Pkew Pkew Pkew is fighting off adulthood with cheap beer and Power Chords.
This summer I've been invited to four weddings, a handful of people I know have gotten pregnant, and I found out that my best friend from elementary school, the same friend who used to light his farts on fire and throw rocks at the local drugstore, has purchased his second home. I'm in my late twenties. By most accounts marriage, children, and home ownership should be a part of day-to-day life, but to be honest these things make me nervous. They all seem hopelessly adult. And no matter what I do, I have never really felt like an adult.

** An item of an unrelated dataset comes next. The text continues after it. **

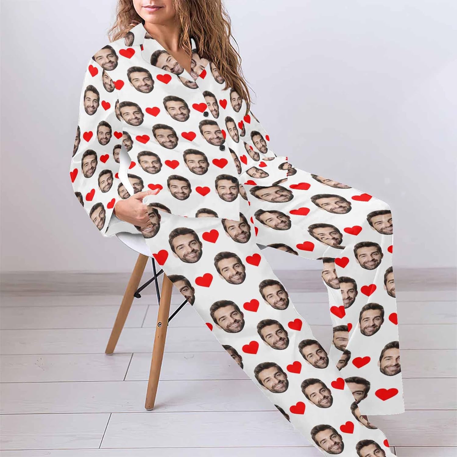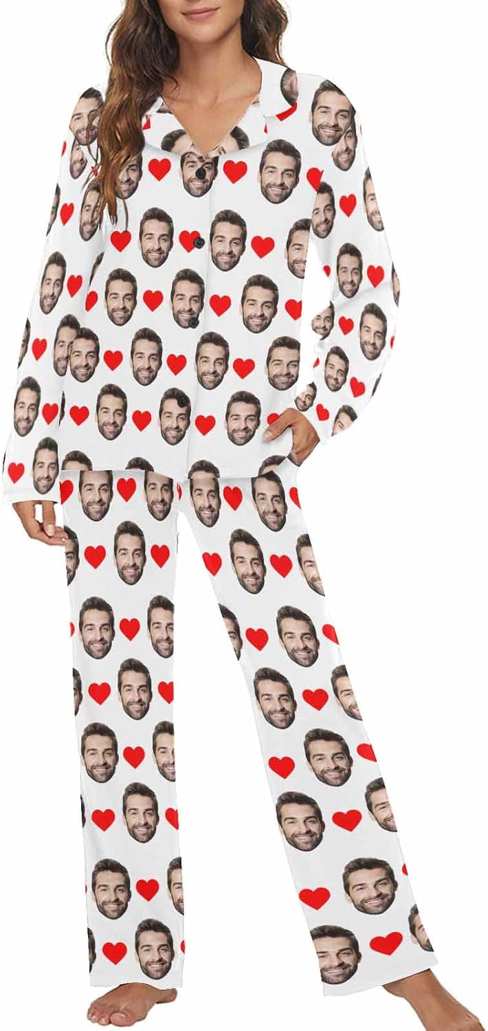 MyPupSocks Custom Face Pajamas for Women Set, Personalized Photo Long Sleepwear XS-XXL

I had this thought in mind while prepping for my interview with pop-punkers Pkew Pkew Pkew. Earlier this month the Toronto four-piece released their self-titled full length, a nineteen-minute opus full of gang vocals and rift rock, that plays like an eleven track essay against growing up. The songs – which include titles like "Mid 20's Skateboarder" and "Let's Order a Pizza" – are comedic and fun, but at the same time hint at the existential, quarter-life, fear I've been reckoning with. My methods to deal with that fear have been to navel gaze and continuously worry. Pkew Pkew Pkew gets drunk and plays guitar with their friends. Their methods seem like a lot more fun.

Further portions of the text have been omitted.